◆ **ACTIVITY**: Repeat the data exactly. Pictures are not part of the copy.

** MATERIAL FOR THIS TASK follows **

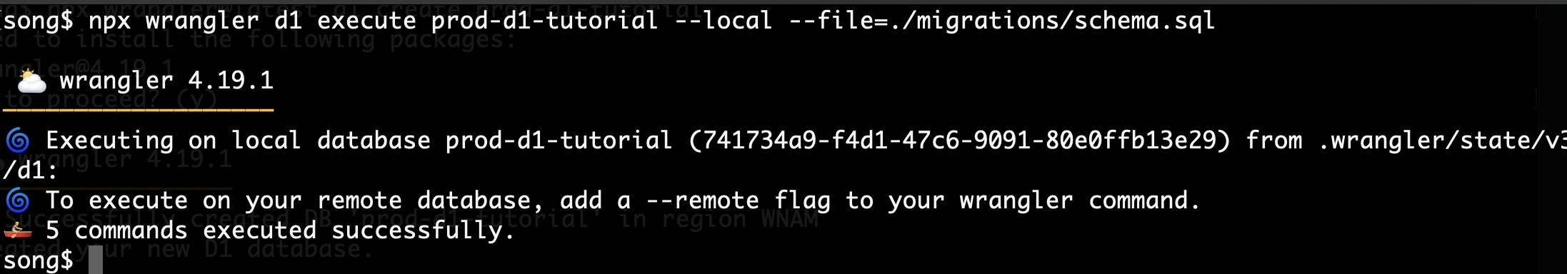 npx wrangler d1 execute prod-d1-tutorial --local --file=./migrations/schema.sql
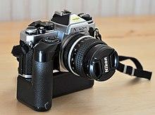 The Nikon FE is an advanced semi-professional level, interchangeable lens, 35 mm film, single-lens reflex (SLR) camera. It was manufactured by Nikon in Japan from 1978 to 1983, and was available new from dealer stock until c. 1984. The FE uses a metal-bladed, vertical-travel focal plane shutter with a speed range of 8 to 1/1000 second, plus Bulb, and flash X-sync of 1/125th second. It had dimensions of 89.5 millimetres (3.52 in) height, 142 mm (5.6 in) width, 57.5 mm (2.26 in) depth and 590 grams (21 oz) weight. It was available in two colors: black with chrome trim and all black. As on the FM, its model designation did not appear on the front of the camera, but was engraved as a small "FE" preceding the serial number on the rear of the housing.
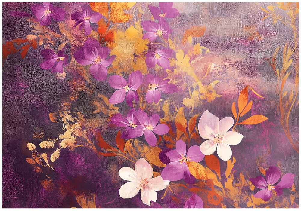 Papier peint fleurs roses dorées chambre salon papier peint intissé 250x175
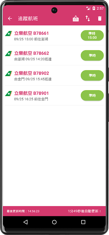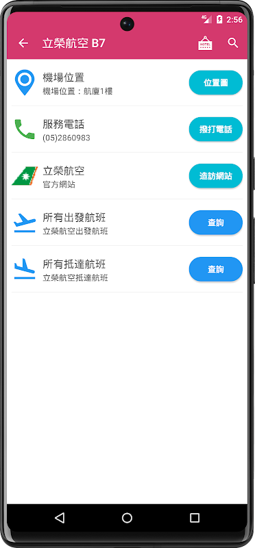 Supports real-time flight status tracking query of Chiayi Air Terminal (Chiayi Water Airport)
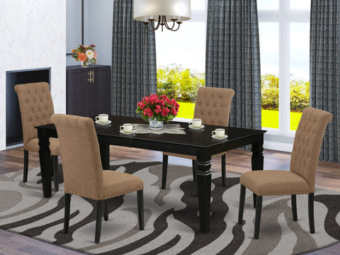 Spice up your dining area with this LGBR5-RX4-XI grand dinette set includes a timeless missionary design large dinette table and four parson chairs. A contemporary twist on a classic design, the eye appealing design of this dinette set liven up your dining space. This rectangular sturdy wooden table based on 4 straight legs with carved design has plenty of space for 4-8 people to sit and enjoy their meal comfortably. The dining table integrates an 18 inch self-storage extension leaf which can be stored right beneath the table top. This wonderful kitchen table makes a really great addition for all kitchen space and corresponds all sorts of dining-room concepts. A regal and affordable Parson chair offers a touch of beauty to any dining room and provides a sensible seating arrangements. The upholstered dining chair features a beautiful stitched exterior. Tall back, Linen Fabric, high-density foam padding, solid hardwood frame construction, comfortable, durable and attractive. Whether you use this kitchen chair is an easy to assemble and stylish answer to your seating needs. The standard shape, size and design makes the dining area significantly attractive. This contemporary, budget friendly, durable and comfortable dinette set can be good choice if you are looking for a great dining time experience with your family or friends.
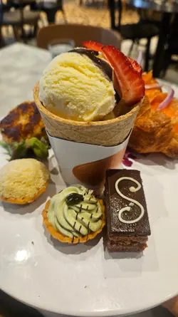 夜晚 同皮姐庆祝周年纪念日💓去咗 奥海城嘅咖啡厅食晚饭🍽️环境舒适 菜单嘅食物种类多📋食物嘅种类多 整体性价比高🫶🏻即使价钱下调 食物质量唔变🙈听讲热卖嘅都有减价 劲抵食🤫叫咗 我最爱嘅全日早餐啊唷😍当然 叫埋皮姐最爱嘅薄饼啦😌-❤️Classic All Day Breakfast ($148)❤️经典全日早餐 ($148)系我嘅最爱 卖相真系好丰富🌟整体份量好足够 幸福感满满🔥-🧡Pappardelle Al Funghi ($52)🧡黑松露野菌忌廉阔蛋面 ($52)味道香浓 食落好有咬口🍝-💛Smoked Salmon Pizza ($168)💛烟三文鱼薄饼 ($168)系皮姐嘅最爱 烟三文鱼好新鲜🐟皮薄香脆 配埋火箭菜食无得弹🍕-💚Puffy Apple Tart ($52)💚苹果酥饼 ($52)卖相好精致 面上有开心果味嘅意大利雪糕🍦配埋一片片嘅苹果饼底同 酥脆嘅黄金酥皮🍎估唔到咁夹 入口即融嘅感觉真系好特别啊💓同时形成完美的温度差 整体食落唔算太甜💯-🩵Iced Mocha Soy Milk ($52)🩵抹茶泡沫豆奶 ($52)抹茶香味浓郁 配埋豆奶嘅微甜 口感顺滑☕️…查看更多

** End of MATERIAL FOR THIS TASK **

◆ **RESULT**:
 npx wrangler d1 execute prod-d1-tutorial --local --file=./migrations/schema.sql
 The Nikon FE is an advanced semi-professional level, interchangeable lens, 35 mm film, single-lens reflex (SLR) camera. It was manufactured by Nikon in Japan from 1978 to 1983, and was available new from dealer stock until c. 1984. The FE uses a metal-bladed, vertical-travel focal plane shutter with a speed range of 8 to 1/1000 second, plus Bulb, and flash X-sync of 1/125th second. It had dimensions of 89.5 millimetres (3.52 in) height, 142 mm (5.6 in) width, 57.5 mm (2.26 in) depth and 590 grams (21 oz) weight. It was available in two colors: black with chrome trim and all black. As on the FM, its model designation did not appear on the front of the camera, but was engraved as a small "FE" preceding the serial number on the rear of the housing.
 Papier peint fleurs roses dorées chambre salon papier peint intissé 250x175
 Supports real-time flight status tracking query of Chiayi Air Terminal (Chiayi Water Airport)
 Spice up your dining area with this LGBR5-RX4-XI grand dinette set includes a timeless missionary design large dinette table and four parson chairs. A contemporary twist on a classic design, the eye appealing design of this dinette set liven up your dining space. This rectangular sturdy wooden table based on 4 straight legs with carved design has plenty of space for 4-8 people to sit and enjoy their meal comfortably. The dining table integrates an 18 inch self-storage extension leaf which can be stored right beneath the table top. This wonderful kitchen table makes a really great addition for all kitchen space and corresponds all sorts of dining-room concepts. A regal and affordable Parson chair offers a touch of beauty to any dining room and provides a sensible seating arrangements. The upholstered dining chair features a beautiful stitched exterior. Tall back, Linen Fabric, high-density foam padding, solid hardwood frame construction, comfortable, durable and attractive. Whether you use this kitchen chair is an easy to assemble and stylish answer to your seating needs. The standard shape, size and design makes the dining area significantly attractive. This contemporary, budget friendly, durable and comfortable dinette set can be good choice if you are looking for a great dining time experience with your family or friends.
 夜晚 同皮姐庆祝周年纪念日💓去咗 奥海城嘅咖啡厅食晚饭🍽️环境舒适 菜单嘅食物种类多📋食物嘅种类多 整体性价比高🫶🏻即使价钱下调 食物质量唔变🙈听讲热卖嘅都有减价 劲抵食🤫叫咗 我最爱嘅全日早餐啊唷😍当然 叫埋皮姐最爱嘅薄饼啦😌-❤️Classic All Day Breakfast ($148)❤️经典全日早餐 ($148)系我嘅最爱 卖相真系好丰富🌟整体份量好足够 幸福感满满🔥-🧡Pappardelle Al Funghi ($52)🧡黑松露野菌忌廉阔蛋面 ($52)味道香浓 食落好有咬口🍝-💛Smoked Salmon Pizza ($168)💛烟三文鱼薄饼 ($168)系皮姐嘅最爱 烟三文鱼好新鲜🐟皮薄香脆 配埋火箭菜食无得弹🍕-💚Puffy Apple Tart ($52)💚苹果酥饼 ($52)卖相好精致 面上有开心果味嘅意大利雪糕🍦配埋一片片嘅苹果饼底同 酥脆嘅黄金酥皮🍎估唔到咁夹 入口即融嘅感觉真系好特别啊💓同时形成完美的温度差 整体食落唔算太甜💯-🩵Iced Mocha Soy Milk ($52)🩵抹茶泡沫豆奶 ($52)抹茶香味浓郁 配埋豆奶嘅微甜 口感顺滑☕️…查看更多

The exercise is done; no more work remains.